Ten days ago we saw happen almost exactly that in Malaysia. The executions were not, to my knowledge, public, but they might as well have been, given the attention paid them in the world press. Two Australians, caught with merchandisable quantities of heroin, were tried, convicted and, after due process using up almost three years, hanged.
There was the usual outcry from the anti-capital-punishment set and even a few others, but the government of Malaysia stodd its ground, pointing out that there were signs all over the place potential drug merchants of the fate that would befall them. It is of passing interest that the local equivalent of the American Civil Liberties Union, which opposes capital punishment, announced that drug merchandising was a crime so heinous that opposition to capital punishment was officially suspended when applied to that crime.
But Mr. Kilpatrick's suggestion is not serious. It is not responsible. It is not reputable. It is not viable. Why? because it is absolutely predictable that it will not happen.
This has nothing to do with the entirely different question: Should it happen?
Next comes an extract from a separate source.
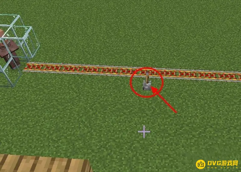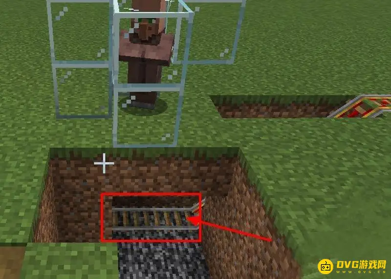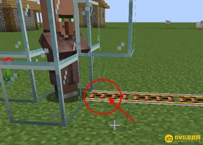 3、打掉村民脚底附近的玻璃,更换为激活铁轨。
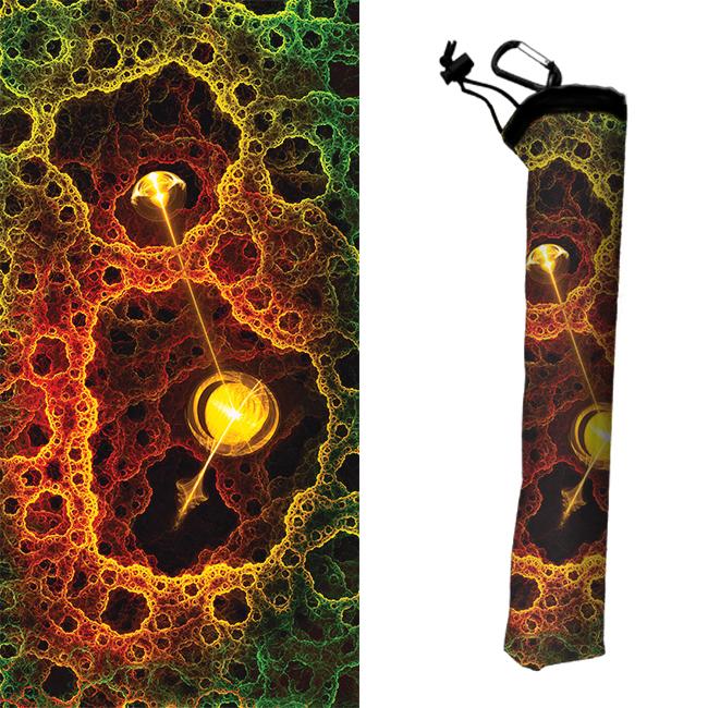 Playmat Bags are specifically designed to hold your mats in style. They are large enough to carry up to two mats. They are coated to be water resistant and include a strap with carabiner for carrying on your backpack. Our bags are hand made in house, and to order. A design that is vertical or patterned would be best for this type of product.

If tomorrow I needed to vote yes or no on a national plebiscite, "Shall we adopt the Kilpatrick Proposition ?" I should unflinchingly vote yes. And after, oh, a couple of hundred hangings, there would be a very sharp decrease in the merchandising of drugs. It wouldn't cease, any more than crime in Great Britain ceased when they used to hang you for stealing sixpence. But in modern America death sentences are taken much more seriously than they were two hundred years ago, when executions were commonplace and public floings a regular feature of city life. There are still a lot of people out there who maintain that there are no figures to sustain the proposition that capital punishment reduces incidence of murder. Well, let that one go. But it would be hard to find anyone who would dispute the conclusion that public hangings would dry up the assembly line of drugs passing under the eyes of the American public on a vibrant street corner.
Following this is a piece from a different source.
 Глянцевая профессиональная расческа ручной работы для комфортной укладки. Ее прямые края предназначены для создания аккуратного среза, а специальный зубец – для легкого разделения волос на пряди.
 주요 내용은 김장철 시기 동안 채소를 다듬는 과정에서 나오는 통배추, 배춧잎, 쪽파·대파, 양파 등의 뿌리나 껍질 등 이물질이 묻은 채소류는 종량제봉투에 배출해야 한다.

But this is not going to happen. We are too frozen, institutionalized, in our views about executions, let alone public executions. So then why make the suggestion? It it were done in the spirit of fantasy ("One day they passed a law ... the next day, the consumption of drugs dropped 90 percent"), that would be one thing. But Mr. Kilpatrick was being -in the American usage-serious. But not serious in the continental sense.
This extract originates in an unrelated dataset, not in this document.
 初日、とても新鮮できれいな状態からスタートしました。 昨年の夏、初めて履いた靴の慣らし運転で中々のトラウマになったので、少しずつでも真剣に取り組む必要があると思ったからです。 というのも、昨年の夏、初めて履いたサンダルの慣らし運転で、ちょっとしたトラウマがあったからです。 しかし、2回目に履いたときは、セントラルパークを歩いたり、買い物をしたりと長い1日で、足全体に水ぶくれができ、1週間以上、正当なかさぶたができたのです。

Cocaine consumption is up 600 percent in many American cities. In Pakistan, the morning paper advises us, the growth of poppies is up 400 percent over last year. A lot of that stuff is destined for American blood vessels. And we can't stop it, and aren't stopping it. We are subsidizing a criminal class, overflowing our prisons, corrupting the police and the courts, depleting our reserves of detectives and judges, and accomplishing nothing. Either bring on the scaffold (which we aren't going to do), or legalize (which we probably aren't going to do either). We can, then, look for more of the same. Much more of the same.
Cocaine use peaked in 1982 and has since gone down 66%. Without legalization.